A cloud of dust approaches on the dirt road that cuts a dead-straight line through the landscape. I’m watching from up high at Erongo Plateau Camp. It feels like a scene from a movie: the good guy, hidden away, watching out for baddies. But the only thing thirsting for revenge today is the sun.
Photographer Shelley Christians and I walk through the sweltering campsite with Absalom Nghidipohamba. It’s November and Namibia is in the grips of a severe drought. Everything is brittle with thirst. Absalom and four other men live here and tend to this campsite in the middle of nowhere.
Over the next few days, we’ll visit many similar places. Welcome to the Erongo Mountains, where being alone takes on a whole new meaning.
On the edge of a crater
The Erongo Mountains are south-west of the town of Omaruru. Millions of years ago, a volcano rose from the landscape as tectonic plates shifted and Gondwanaland split into continents. The mountains are the remnants of this giant volcano, which once stood 3 000 m tall before collapsing in on itself.
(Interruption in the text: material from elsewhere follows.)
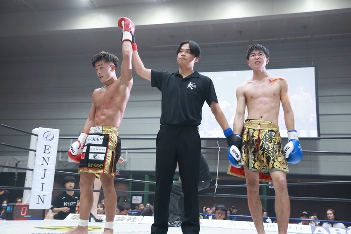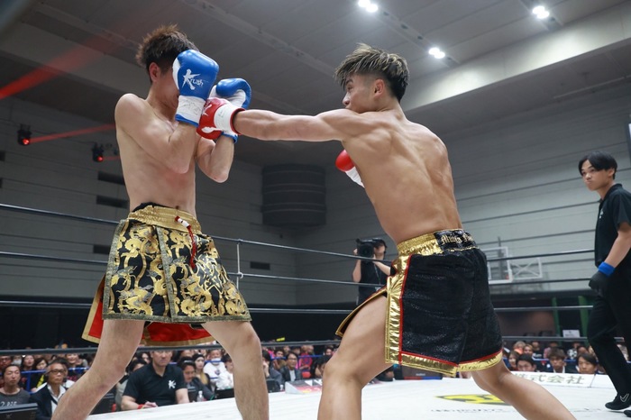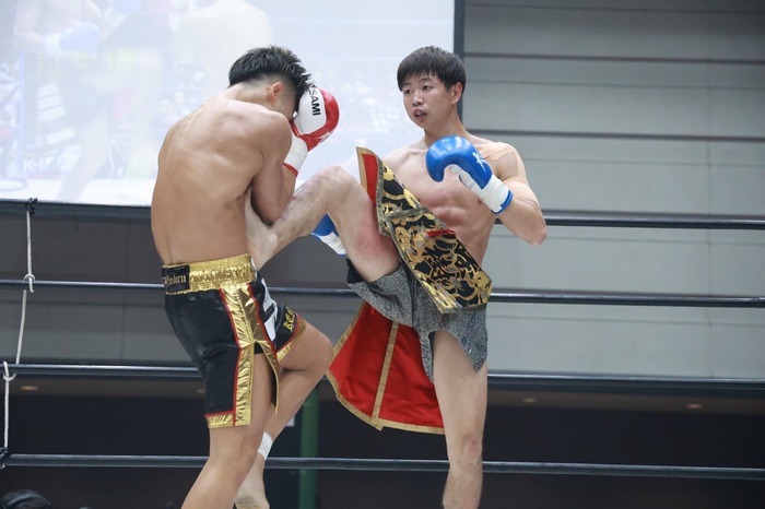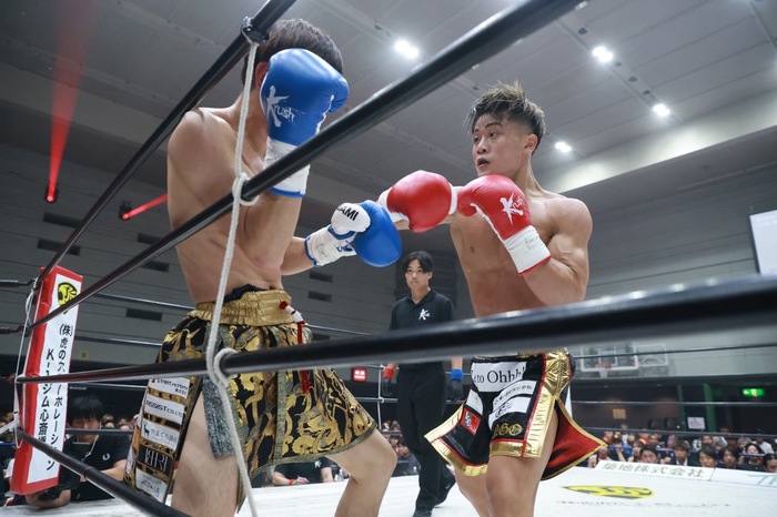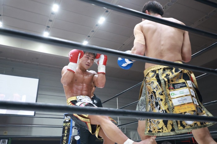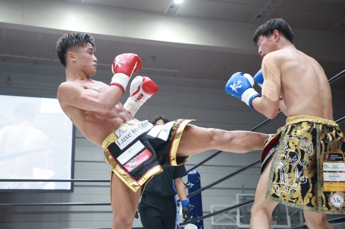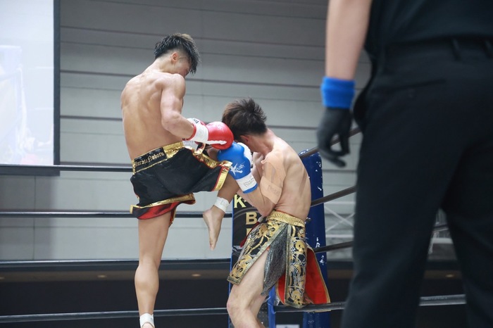 1R、ガードを固めて前へ出る村田が左カーフ、サウスポーの木塚はジャブと前蹴り。村田の右ハイがヒットする木塚は左ミドルからの左ストレート、前へ出る村田にヒザを突き上げて前へ出るが、すぐに村田が圧をかけて前へ出る。村田の左ボディ、右フック。木塚は村田の左フックをブロックして左フックを打ち返すが、村田のインローにバランスを崩す。

Go look on Google Maps – you can clearly see the crater.
Our route will take us around the crater, from Omaruru to Usakos, along the D2315, D2306 and D1935. Then we’ll follow the B2 to Karibib and the C33 back to Omaruru – a road trip of about 200 km.
Half an hour after leaving Omaruru, we drive through the gates of the Erongo Rhino Mountain Sanctuary Trust ( erongo mountains.org) – a huge area of mostly fenceless farms. The farmers inside have worked hard to reintroduce black rhino and blackfaced impala. (We’ll only leave the trust area again in two days’ time.)